National and Kapodistrian University of Athens, First Department of Ophthalmology, "G. Gennimatas" Hospital, Athens, Greece; and.
EyeDayClinic, Private Ophthalmology Clinic, Athens, Greece.
Cornea. 2024 Feb 1;43(2):249-252. doi: 10.1097/ICO.0000000000003408. Epub 2023 Oct 31.
The aim of this study was to present a case of transepithelial photorefractive keratectomy (trans-PRK) laser ablation in a patient with partial limbal stem cell deficiency (LSCD) that resulted in corneal irregularity.
A 23-year-old man with bilateral partial LSCD underwent trans-PRK for myopia correction 2 months before presentation to our department. Trans-PRK ablation was performed with a phototherapeutic keratectomy ablation profile set at 60 μm in the OD and 57 μm in the OS and 8 mm zone. At the time of presentation, the patient complained of decreased visual acuity. Corrected distant visual acuity was 20/20 (-3.25, -0.75 × 180 degrees) and 20/50 (-3.00, -3.00 × 180 degrees) in the OD and the OS, respectively. No further ocular history was reported other than prolonged soft contact lens use for myopia. Pre-trans-PRK tomography (WaveLight Oculyzer II diagnostic system, WaveLight GmbH, Germany) revealed bilateral superior steepening with corresponding epithelial thinning as obtained by the epithelial map using Optovue optical coherence tomography (Visionix Luneau technology). Slit-lamp examination showed bilateral superficial neovascularization, suggestive of early-stage LSCD.
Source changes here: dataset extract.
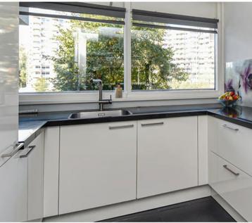 Zwart composiet aanrechtblad. Rechts 110cm (einde gescheurd) midden 191cm (met spoelbak en kraan) links 70cm alleen op 4 maart gratis ophalen!

A nonuniform laser stromal ablation resulting in corneal irregularity and decreased visual acuity was observed 2 months postoperatively. During the 6-month follow-up, corneal tomography was stable with only minimal improvement. At that time, corrected distant visual acuity remained 20/20 (-2.75, -0.75 × 160 degrees) in the OD and 20/50 (-3.00, -3.00 × 180 degrees) in the OS.
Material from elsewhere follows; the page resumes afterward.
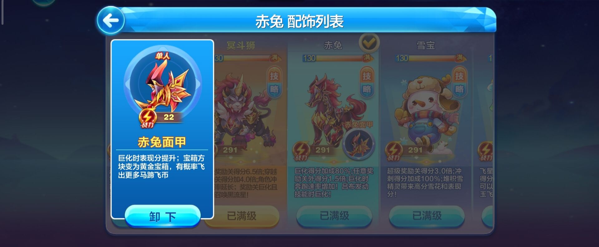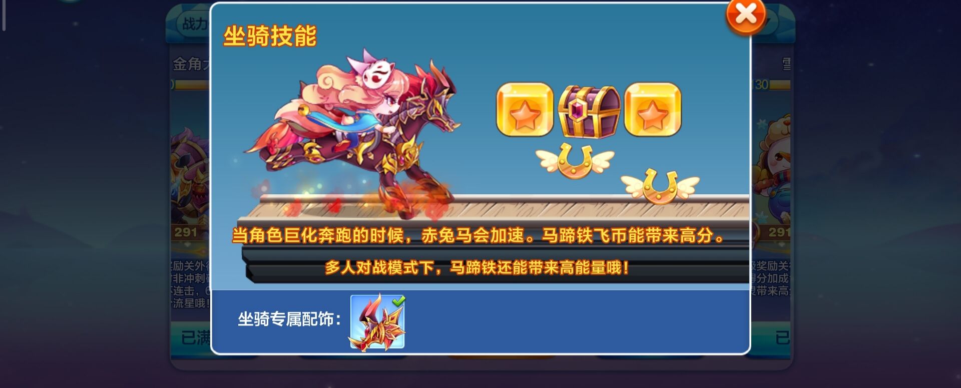 当角色巨化奔跑的时候,赤兔马会加速。马蹄铁飞市能带来高分。

Trans-PRK seems to be a contraindication in cases with corneal epithelial irregularities and could lead to abnormal and nonuniform stromal ablation .
本研究旨在报告一例部分角膜缘干细胞缺乏症(LSCD)患者行经上皮准分子激光角膜切削术(trans-PRK)激光消融后出现角膜不规则的病例。
一名 23 岁男性,双眼均有部分 LSCD,曾于 2 个月前行近视矫正 trans-PRK 治疗。在 OD 中使用光治疗性角膜切削消融剖面设置为 60μm,在 OS 中设置为 57μm,治疗区为 8mm。就诊时,患者主诉视力下降。矫正远视力分别为 OD 20/20(-3.25,-0.75×180 度)和 OS 20/50(-3.00,-3.00×180 度)。除了长期使用软性隐形眼镜矫正近视外,患者无其他眼部病史。术前 trans-PRK 断层扫描(WaveLight Oculyzer II 诊断系统,WaveLight GmbH,德国)显示双侧上方陡峭,上皮地形图显示相应的上皮变薄,Optovue 光学相干断层扫描(Visionix Luneau 技术)显示双侧浅层新生血管。裂隙灯检查显示双侧浅层新生血管,提示早期 LSCD。
术后 2 个月观察到非均匀性激光基质消融导致角膜不规则和视力下降。在 6 个月的随访中,角膜断层扫描稳定,仅有轻微改善。此时,OD 的矫正远视力仍为 20/20(-2.75,-0.75×160 度),OS 为 20/50(-3.00,-3.00×180 度)。
trans-PRK 似乎是角膜上皮不规则的禁忌症,可能导致异常和非均匀的基质消融。